Possivelmente já leu alguma narrativa em que o narrador é um animal. Não me refiro a uma fábula, refiro-me a um romance.
Ora bem, «Flush» romance de Virgínia Woolf, a célebre escritora inglesa (1882-1941) é um deles. O Narrador é um cão doméstico, criado em fofas almofadas, ao pé da dona, uma “lady” típica da Inglaterra vitoriana. Disse: “típica,” corrijo-me. A co-protagonista da história contada por «Flush», (nome do cão) aristocrata embora, da Inglaterra vitoriana, «Miss Barret», até foge um bocado à essa clássica e severa definição, ou não fosse ela criação de Virgínia Woolf a irreverente e vanguardista ficcionista para o seu tempo, em termos de criação de personagens, sobretudo, as femininas.
Um dos interesses desta obra de Woolf reside na “visão” do narrador. Trata-se de um “campo visual” de se passa de baixo para cima. Pois que ao leitor é dado conhecer a forma, as características comportamentais, os cheiros, os pés dos humanos vistos e analisados nessa perspectiva, quase invertida, (de baixo para cima) pelo animal, narrador, que nos vai contando e desenhando a trama. É fabulosa a perspectiva visual gerada e que se consegue manter até ao fim da história, a par da lógica sequencial do enredo.
Pois bem, uma das grandes preocupações, quase obsessão, de «Flush» era comparar e comparar-se com os outros cães ditos de raça, numa hierarquia em que ele próprio se considerava o melhor em termos de estirpe e de pêlos e já agora também de inteligência…
Afinal, todo este intróito serve-me de pretexto, para falar um pouco, sobre o tal elogio em boca própria, o qual, de tenra idade nos ensinaram que se comparava a vitupério.

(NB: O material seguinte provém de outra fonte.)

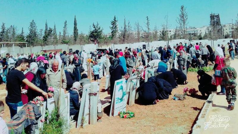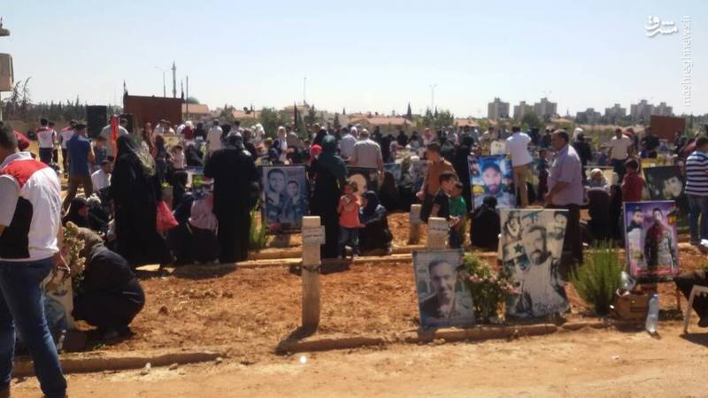 حلب کے شمال مغربی علاقہ میں واقع نبل اور الزہرا نامی دو قصبوں کے باشندے عید کی چھٹیوں میں تکفیری دہشتگردوں کے خلاف جاری جنگ کے دوران شہید ہونے والے اپنے 400 عزیزوں کے مزار پر حاضر ہوئے اور فاتحہ خوانی کی۔ شک نہیں کہ اگر یہ شہدا اسلام اور ملک کے دفاع میں اپنا خون نہ دیتے تو آج شامی عوام عید نہیں منا سکتے تھے۔

Com efeito, está presente neste provérbio a velha e previdente sabedoria popular, um meio consensual de transmissão de cultura: «Elogio em boca própria é vitupério» A gravidade de tal acto é tanta que até se compara a um acto infamante, insultuoso, vergonhoso e ofensivo. Assim vem definido o significado de “vitupério” nos nossos dicionários.
No fundo, a transmissão de uma moral e de valores, codificados e sintetizados em ditado popular, provérbios, adágios e anexins.
Até concedo, que possa ser geracional. Que me contradigam dizendo que isso terá sido regra da educação já mais antiga, cristã, entre outras tentativas de ápodos, no fundo, à chamada boa educação.
Sim, porque o auto-elogio é das coisas mais caricatas e bem reveladores de um deslumbramento de muito mau gosto!
Dito isto, esclareço: aqui há tempos assisti a um acto público em que um dos oradores, alta figura pública, no meio do improviso oratório, desata em auto-elogios, de que ele e apenas ele, mais sabia sobre a matéria. De que ele e apenas ele dava os melhores pareceres e aconselhamentos ao superior hierárquico…enfim um desfiar de auto-feitos e auto-brilharetes de arrepiar o mais paciente ouvinte. Na minha opinião, tratou-se também de alguma falta de respeito ao próximo.
Para finalizar direi que não virá mal algum ao mundo, se se tiver sempre ligado o tal «desconfiómetro» individual, sobretudo quando se tem audiência.